In one embodiment, the matches that are presented to the user in stage 103 are rank ordered according to a preference scheme. The preference scheme may take account of information associated with the classes and queries presented. The preference scheme may take account of the order in which terms are added to a query through iterations of the process shown in FIG. 1. The preference scheme may take account of stored information about the user and previous choices the user has made. The preference scheme may take account of stored information about choices other users have made.

At stage 103, the user can choose to accept one of matches or reject the matches.

At stage 104 the user will modify the characters by deleting all or part of the original string and then typing new characters. Modifying the string will trigger new matches to be presented to the user.

At stage 105 the user selects a match. The user may also select a set of matches. In the latter case, the set of matches are considered to be a list of alternative items for the search. In case the user selects the verbatim term, this is considered to be similar to a class in the following stages.

If, at stage 105, the user selects a class, the user may be presented with further matches, these being queries which are appropriate for the selected class. That is, the queries presented will also match one or more of the set of classes consisting of the class selected in stage 105 together with any classes selected as a result of stage 111 through the process of smart query matching described above. If a verbatim term was selected at stage 105, then the verbatim term is considered to be compatible with all queries.

At stage 107 the user may decide to use the class by itself or in the context of a query which is one of the matches presented following stage 105.

At stage 108 the user selects a query from the matches presented following stage 105. This query is now part of the search.

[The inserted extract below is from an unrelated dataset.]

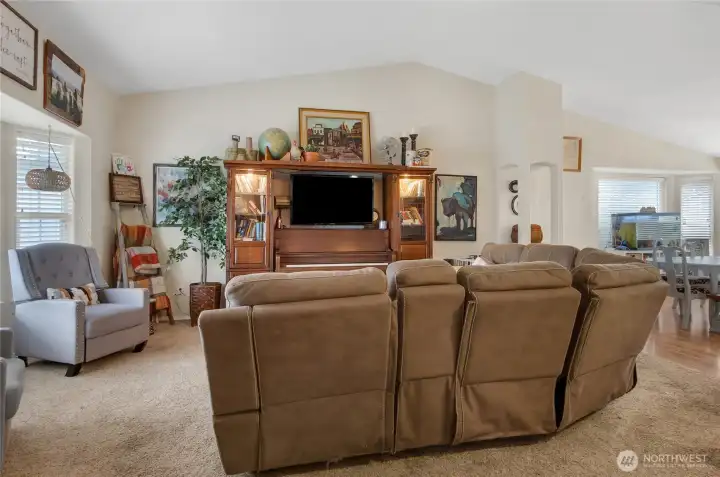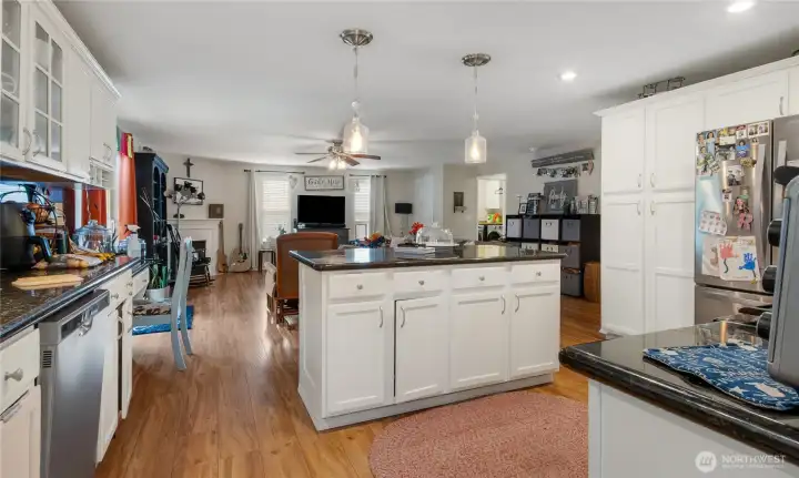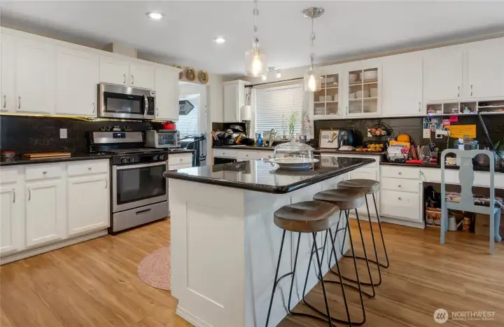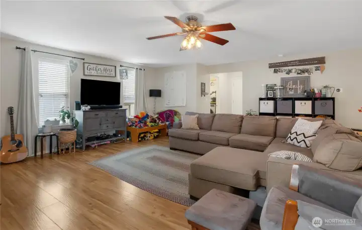 Priced 25k+ below tax value!! Instant equity!! This home built in 2000 & thoughtfully updated for comfortable modern living. Situated on .13 acre parcel, the property offers a peaceful, private atmosphere with plenty of outdoor space for gardening, recreation, or future expansion. Inside, approximately 2,433 square feet of living space offers a functional layout perfect for living. The main level features an open floorplan that seamlessly connects the living room, dining area, and kitchen—ideal for daily life and entertaining. Large windows fill the home with natural light and provide serene views of the surrounding grounds. Backyard boarders Greenbelt. The kitchen boasts ample cabinetry and workspace, with room for casual dining. Spacious living areas accommodate gathering spaces for guests. This home includes 4 bedrooms, providing flexibility for a home office, guest rooms, or hobby spaces. The primary suite offers a private retreat with its own bath. In total, there are 2 full bathrooms & a 1/2, designed for convenience & comfort. Additional features you might expect in a home of this size and age include a 2 car garage, dedicated laundry room, & storage throughout. Located in Olympia, this property offers local amenities, access to schools, & parks. Walkable w/separate entrances to Centennial Elm & Olympia HS Farming Prog. Whether you’re looking for space, privacy, or a blend of both, this home has something to offer your lifestyle.

If the query contains terms that can be modified, these are presented to the user. The user may repeat this stage at will if they wish to update the query. If a query contains items modified in stage 110, the results presented will be compatible with these items.

At stage 109 the user may decide to alter the query by modifying the terms that the query contains, if the query does contain terms that may be modified. This stage may be repeated if the query contains multiple terms that may be modified.

At stage 110 the user can update the terms in the query by selecting a class or a verbatim item to insert into the query. The choice of class will depend upon characters typed by the user as well as the query: the class should be compatible with the query, although a verbatim item is considered to be compatible with all queries. The user may repeat this stage at will if they wish to update the terms in the query. It is also possible to select a group of items, which would be considered as alternative items in the search.

At stage 111 the user considers whether the search is ready for submission. If the search is not ready for submission, the user may freely delete classes and queries in the search and re-enter process 100 at the appropriate point or the user may add more classes and queries to the search starting from stage 102.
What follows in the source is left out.